State rep forcefully arrested while trying to defuse tensions in Sherman Park  

Louis Weisberg, Staff writer

State Rep. Johnathan Brostoff and a youth organizer for the ACLU of Wisconsin were among 11 people arrested Tuesday night at a gathering in Sherman Park near a memorial for shooting victim Sylville Smith.

Smith was shot to death near the site on Aug. 13 during an altercation with an officer after a traffic stop. The incident sparked two nights of violence, during which several businesses in the area were torched.

Brostoff, who represents the 19th Assembly District, said he went to the area after learning that Milwaukee police were arresting people who were congregating. He said that he and the ACLU’s Jarrett English had shown up to help de-escalate tensions and avoid another eruption of violence.

People from faith communities also were there to defuse the situation. It’s unclear whether any of them were arrested.

Police said in a statement that they went to the area because nearby residents had complained about 30 to 40 people who were gathered there. According to police, the crowd refused to disperse.

In addition to the 11 people arrested last night for disorderly conduct, three were arrested Wednesday morning after police say a small group again gathered in the area and refused a resident’s request to leave her property, according to a police report.

According to a statement issued by the ACLU of Wisconsin, English was recording the gathering with his cell phone when a police van pulled up and ordered the people standing on the corner of Sherman and Auer to disperse. No reason was given for the order, the ACLU said.

Numerous officers forcibly arrested English as he was walking away as instructed. Both men were thrown to the ground, handcuffed, searched without consent, and placed in a paddy wagon.

After officials became aware that they had arrested a state legislator, the two were released without charges, the ACLU reported.

“The Milwaukee Police Department has once again demonstrated its preference for occupation, excessive force and belligerence over genuine engagement, civil dialog, and de-escalation,” said Larry Dupuis, legal director of the ACLU of Wisconsin,” in a statement. “People have a right to stand on a street corner — to observe and record the police, as Jarrett was doing, or for any other reason. Unfortunately, rather than protecting people and their rights, law enforcement in this community all too often engages in the sort of destructive behavior to which Jarrett and Jonathan were subjected last night.  Although no one deserves to be treated like this, the police made the mistake this time of abusing people who were in a position to insist on their rights.”
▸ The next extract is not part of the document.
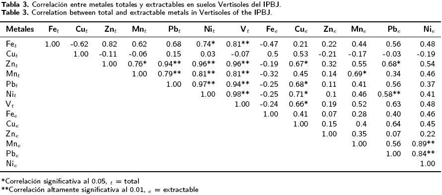 La falta de correlación entre los metales extractables Fe, Zn, Pb y V, y los metales totales indica que las propiedades de los suelos Fluvisoles y Vertisoles como pH, arcilla, materia orgánica y condiciones de reducción, favorecen o reducen la solubilidad de estos metales. La solubilidad de Ni, Cu y Mn, es deseable desde el punto de vista de la nutrición del cultivo de caña, ya que son micronutrimentos esenciales para este cultivo.
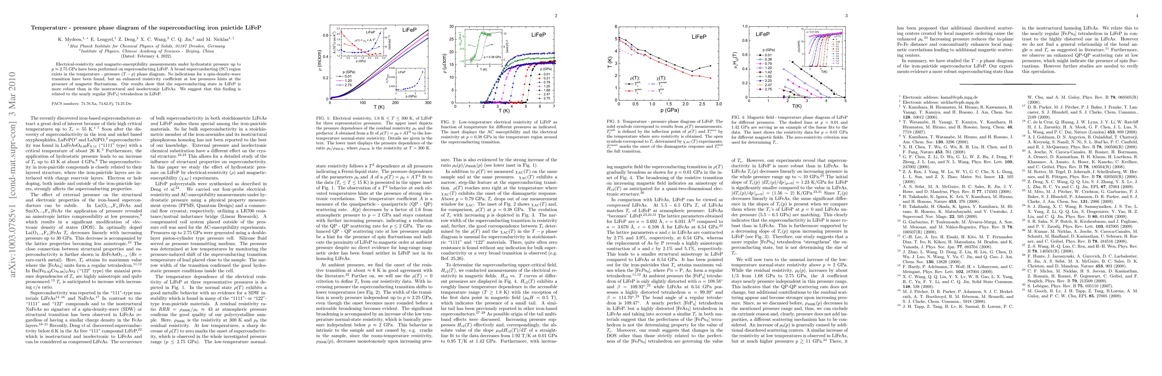 This study investigates the superconducting properties of LiFeP under pressure, revealing a broad superconducting region in the T-p phase diagram. Unlike LiFeAs, LiFeP exhibits greater robustness against pressure, potentially due to its nearly regular [FeP_4] tetrahedron structure, with no evidence of a spin-density-wave transition but indications of magnetic fluctuations.

Milwaukee police are investigating the detentions of Brostoff and English to make sure proper procedures were followed, Sgt. Timothy Gauerke told AP.

English said he found the situation was confusing, because he didn’t know the reason for his arrest.

“It was embarrassing and dehumanizing, and I did not feel that I was being treated with the dignity and respect that should be afforded any individual,” he said in a statement.  “But I was mostly thinking about all of the young people this happens to every day who don’t have anyone to call to get free.  We cannot continue doing this to our people.  It has to stop.”